TASK PROMPT: Using the data below, restate exactly every line from the one with "Se venden varias" up to and including the one with "عَنْ أَبِي حَازِمٍ،". No picture belongs in it.

DATA EXTRACT:
═══

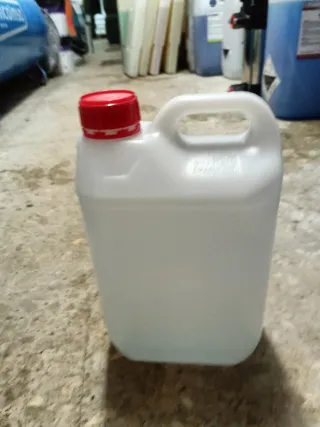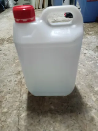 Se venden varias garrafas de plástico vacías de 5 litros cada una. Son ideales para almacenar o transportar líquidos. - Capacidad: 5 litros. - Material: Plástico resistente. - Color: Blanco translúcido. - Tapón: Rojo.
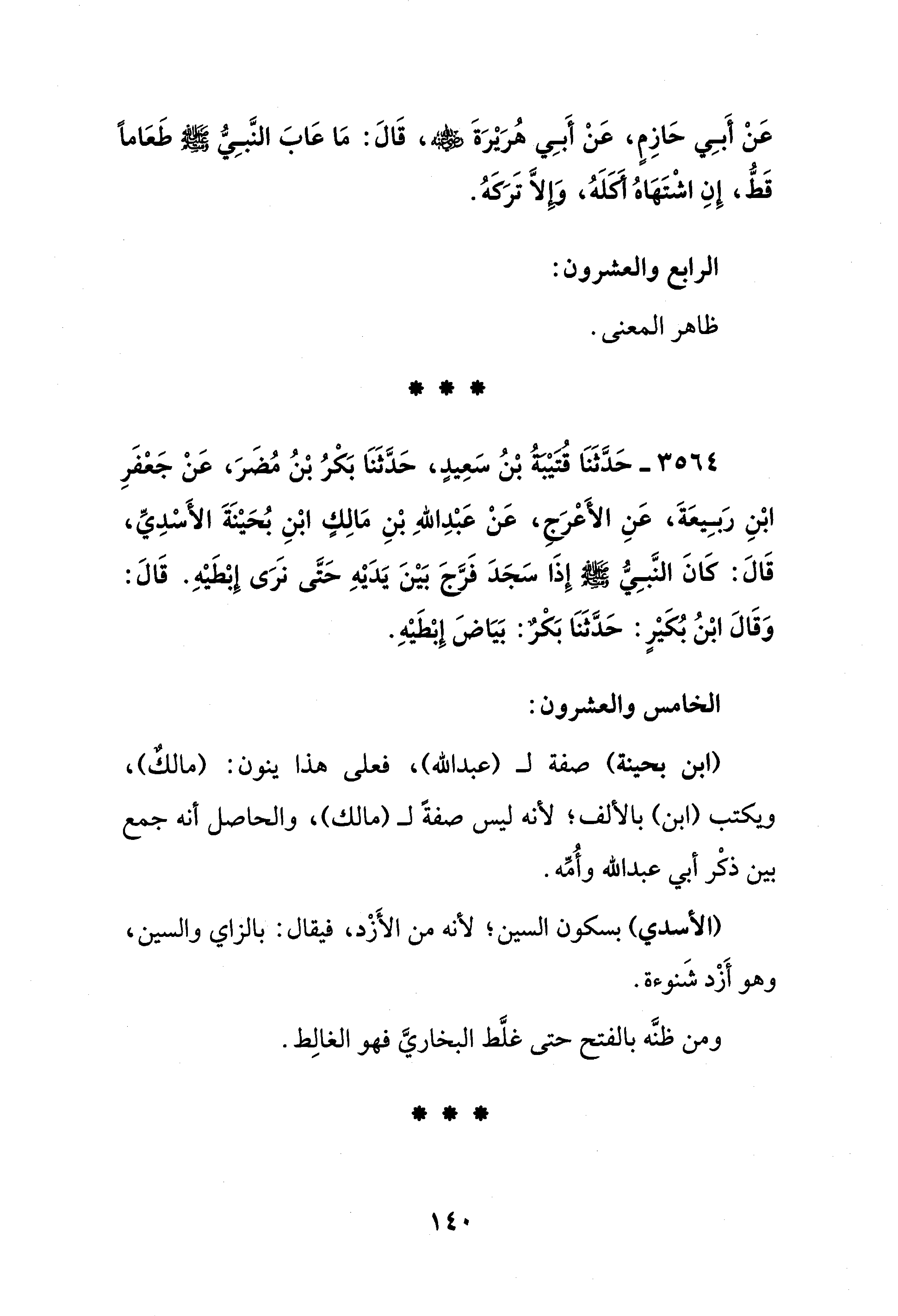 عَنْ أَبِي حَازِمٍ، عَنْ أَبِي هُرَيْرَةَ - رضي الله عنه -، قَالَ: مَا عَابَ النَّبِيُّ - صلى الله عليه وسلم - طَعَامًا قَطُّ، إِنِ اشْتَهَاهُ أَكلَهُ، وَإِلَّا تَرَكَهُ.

═══

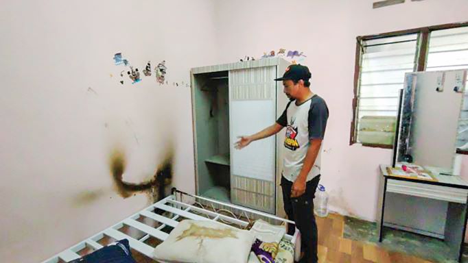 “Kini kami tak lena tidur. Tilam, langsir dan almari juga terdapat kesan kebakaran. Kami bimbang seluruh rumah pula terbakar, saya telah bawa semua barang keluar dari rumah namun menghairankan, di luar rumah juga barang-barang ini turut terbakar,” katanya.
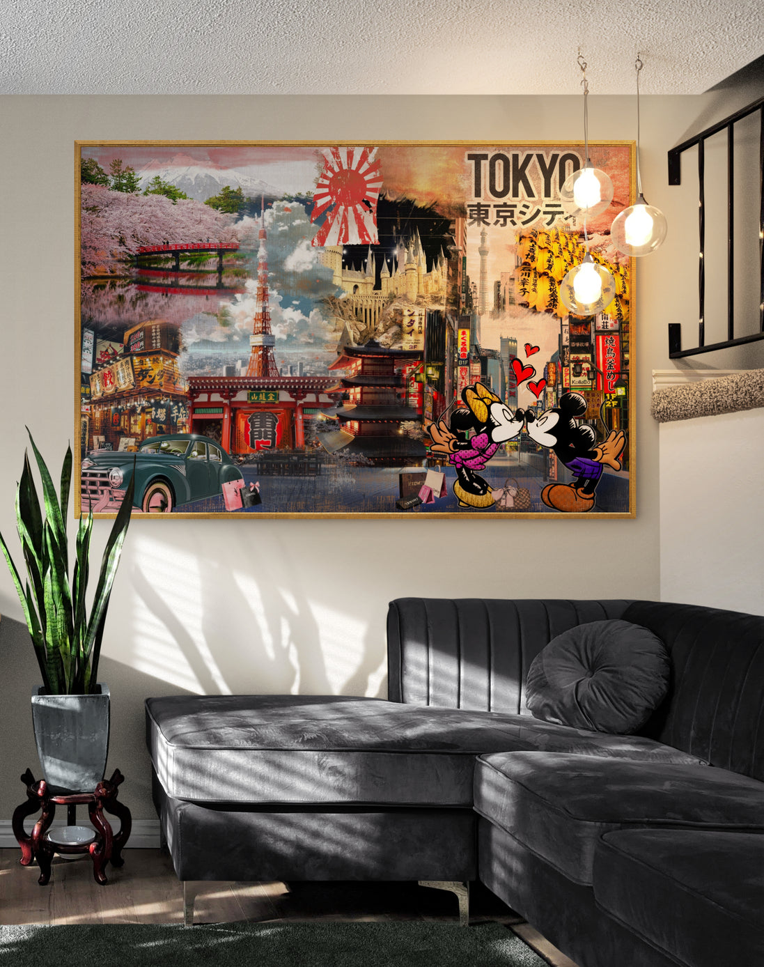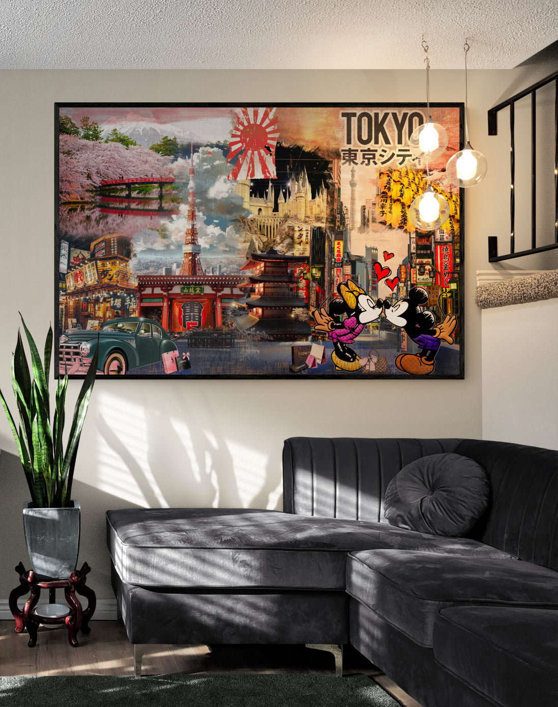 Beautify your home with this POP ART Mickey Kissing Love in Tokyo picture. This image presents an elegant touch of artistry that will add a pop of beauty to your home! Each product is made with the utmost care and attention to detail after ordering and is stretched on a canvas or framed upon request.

═══

RESULT OF THE TASK:
 Se venden varias garrafas de plástico vacías de 5 litros cada una. Son ideales para almacenar o transportar líquidos. - Capacidad: 5 litros. - Material: Plástico resistente. - Color: Blanco translúcido. - Tapón: Rojo.
 عَنْ أَبِي حَازِمٍ، عَنْ أَبِي هُرَيْرَةَ - رضي الله عنه -، قَالَ: مَا عَابَ النَّبِيُّ - صلى الله عليه وسلم - طَعَامًا قَطُّ، إِنِ اشْتَهَاهُ أَكلَهُ، وَإِلَّا تَرَكَهُ.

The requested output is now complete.